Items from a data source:
—————
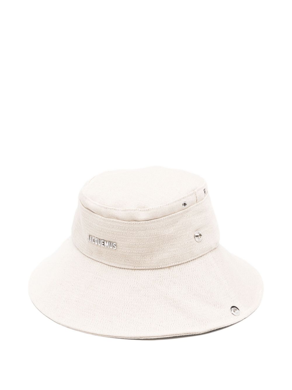 light beige flat crown dropped wide brim logo lettering adjustable strap to the rear
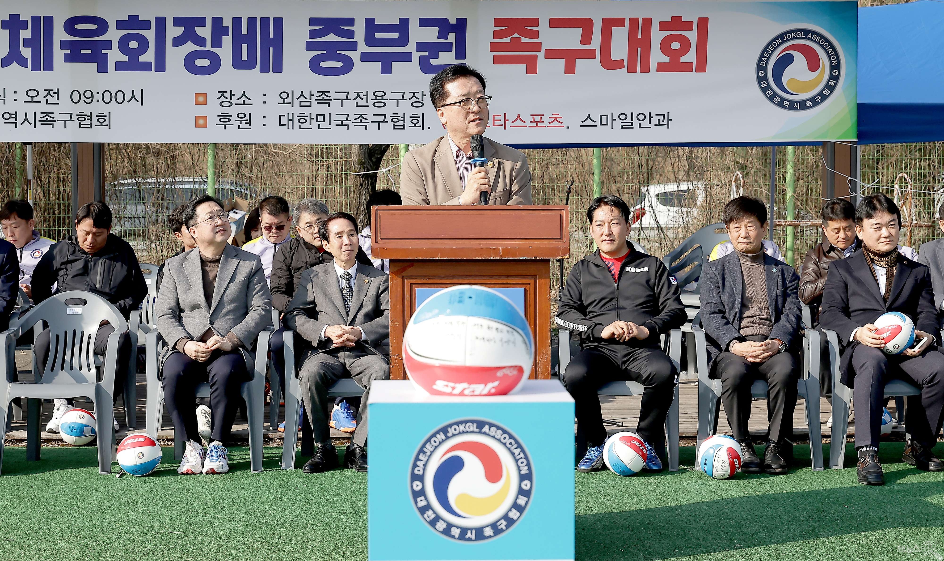 [충청뉴스큐] 대전시의회 조원휘 의장은 23일 유성구 외삼족구전용구장에서 개최된 제20회 대전광역시체육회장배 중부권 족구대회에 참석해 원활하고 안전한 대회 진행을 기원하며 생활체육 활성화를 위한 체육 인프라 확충을 약속했다.
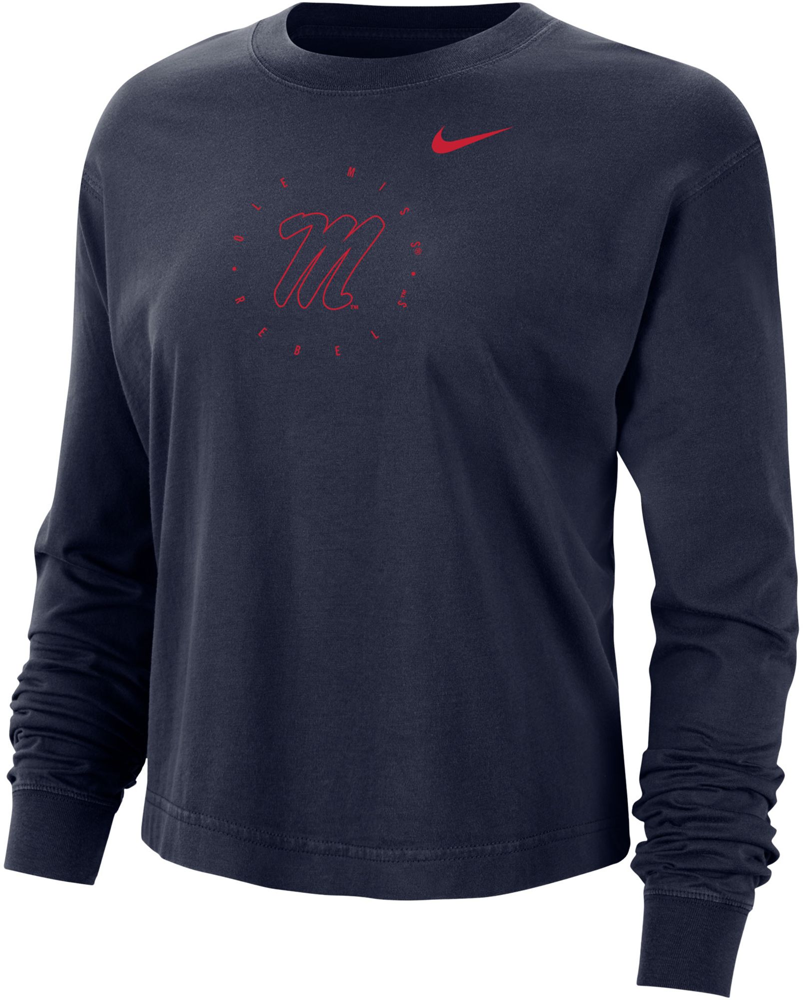 Nike Women's Ole Miss Rebels Blue Boxy Cropped Long Sleeve T-Shirt
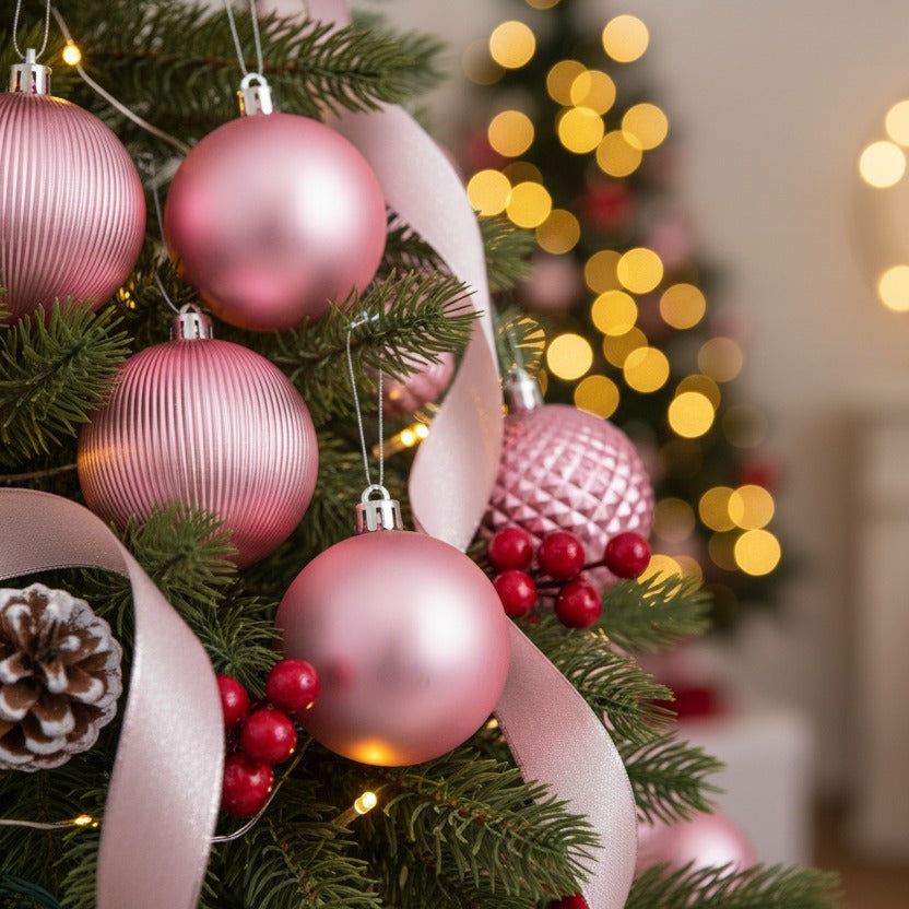 Un set di 18 palline rosa con finiture eleganti, rifinito in un box piramidale. Le palline sono di 3 dimensioni (5cm , 6cm, 7cm) ed hanno texture diverse, realizzate in PVC infrangibile. Ideali per decorare l'albero di Natale e per dare un tocco unico al tuo ambiente!
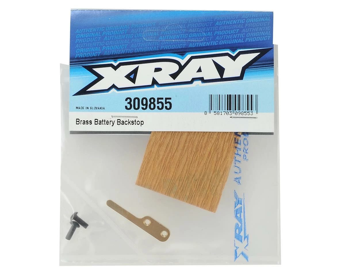 This is an optional XRAY Brass Battery Backstop. The stylish optional CNC-machined battery backstop made from brass material is used as a backstop and works also as an additional weight. Attached by two head screws, it also acts as an inner battery stopper.
—————
→ **How to complete this task**
Reproduce the lines above exactly, image-free.

→ **Response area**
 light beige flat crown dropped wide brim logo lettering adjustable strap to the rear
 [충청뉴스큐] 대전시의회 조원휘 의장은 23일 유성구 외삼족구전용구장에서 개최된 제20회 대전광역시체육회장배 중부권 족구대회에 참석해 원활하고 안전한 대회 진행을 기원하며 생활체육 활성화를 위한 체육 인프라 확충을 약속했다.
 Nike Women's Ole Miss Rebels Blue Boxy Cropped Long Sleeve T-Shirt
 Un set di 18 palline rosa con finiture eleganti, rifinito in un box piramidale. Le palline sono di 3 dimensioni (5cm , 6cm, 7cm) ed hanno texture diverse, realizzate in PVC infrangibile. Ideali per decorare l'albero di Natale e per dare un tocco unico al tuo ambiente!
 This is an optional XRAY Brass Battery Backstop. The stylish optional CNC-machined battery backstop made from brass material is used as a backstop and works also as an additional weight. Attached by two head screws, it also acts as an inner battery stopper.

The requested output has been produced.